# Creep feeders



## Boers4ever (Jun 28, 2020)

Hey guys! I’m expecting of bunch of kids in April. I need some ideas for a creep feeder. I’m not very DIY talented so anything that was easy to build or bought from a store or online. Please share pictures! If you bought it please say what brand it is and what website/store you got it from. Thanks so much.


----------



## ksalvagno (Oct 6, 2009)

If you don't mind spending some money, Premier has some nice panels with adjustable gates that you could make into a creep feeder.


----------



## AndersonRanch (Oct 18, 2020)

It doesn't need to be anything fancy, you just need to stop the bigger ones from getting in and the kids allowed in. I don't have a picture of mine mine set up but I have this calf creep feeder 







which I absolutely LOVE because I can put about a months worth of grain in it and not have to worry about them running out. Before that I just had a bunch or whatever feeders that would hold grain and I would fill them up everyday. Around it I just have a panel and then this gate......well not THIS exact gate but one pretty much the same. 

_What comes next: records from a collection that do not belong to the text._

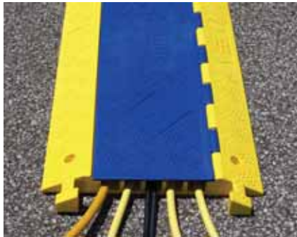
CP5-36-ID : 27,000 Lbs / Axle CP5-36-ED : 50,000 Lbs / Axle
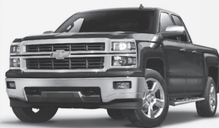
SILVERADO LTZ CREW CAB 4X4 SHOWN††
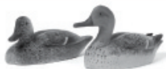
PAIR OF GREEN WING TEAL BY DON GEARHART
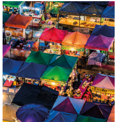
Spiderhunter, Singapore Botanic Gardens (top); and Bangkok Night Market Stalls (above)
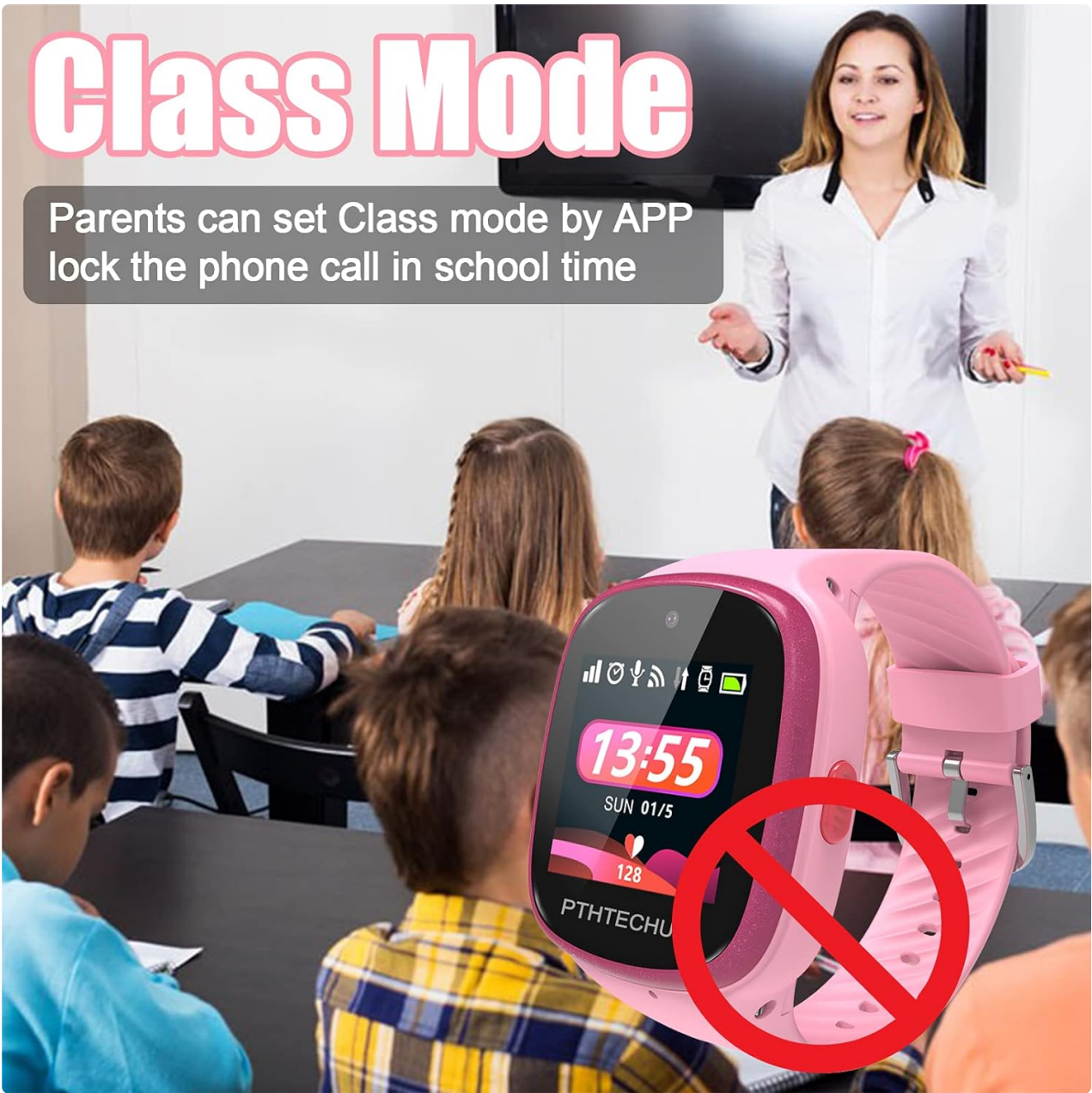
Image: Class Mode helps minimize distractions during school hours.

Parents can set Class mode by APP lock the phone call in school time
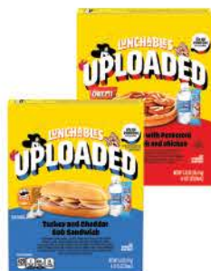
Oscar Mayer Uploaded Lunchables Selected Vtys., 13.9 to 15.1-oz.
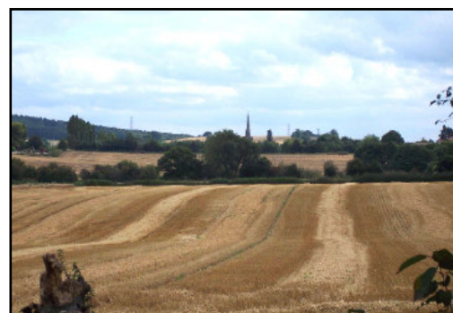
View out of the Area towards Chaddesley Corbett

The views out of the Area reinforce the sense of the rural location of the hamlet. Views across agricultural land can be gained from many parts of the Area including from the south bridge of the Hall. The south east part of the Area affords views across to Chaddesley Corbett, identifiable by St Cassian's church spire.
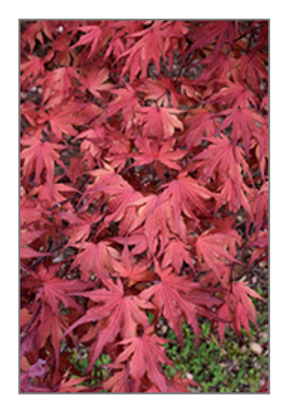
Purple Ghost Japanese Maple foliage

This is a relatively low maintenance tree, and should only be pruned in summer after the leaves have fully developed, as it may 'bleed' sap if pruned in late winter or early spring. It has no significant negative characteristics.
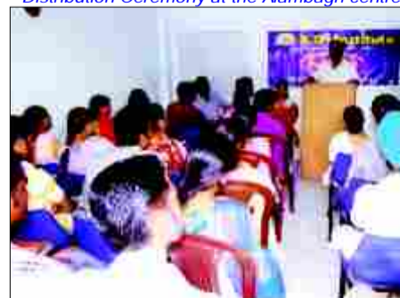
Being attentive: The students at the Career Counselling Camp organised by SITD, Chandigarh
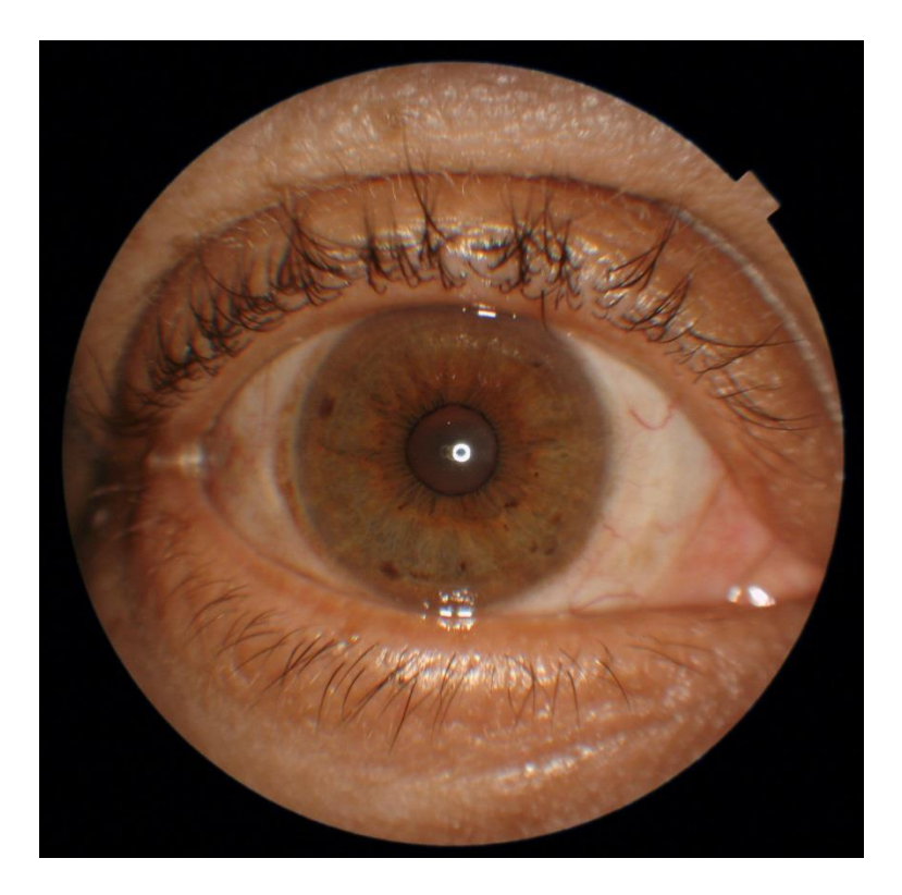
Undilated pupil- may create shadows/darker areas in images- good focus
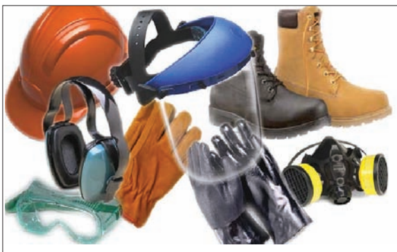
Figure 4 – Personal Protective Equipment

Where security personnel's assigned roles include closer approach to the release area or involve potential exposures, the hazard assessment and selection of PPE must account for the higher level of potential exposures.

It allows the kids to squeeze in. Before that I just made the same general idea as this gate but made out of wood. I used screws so that I could play around with it if larger goats were able to get in. Just unscrew some screws and move the board and screw back on. I heard of someone else that used a pallet and just pulled off a board so the kids could fit threw. 
You could also look at the primer one and use the same general idea with some 2X4, some holes drilled and cut some rebar.


----------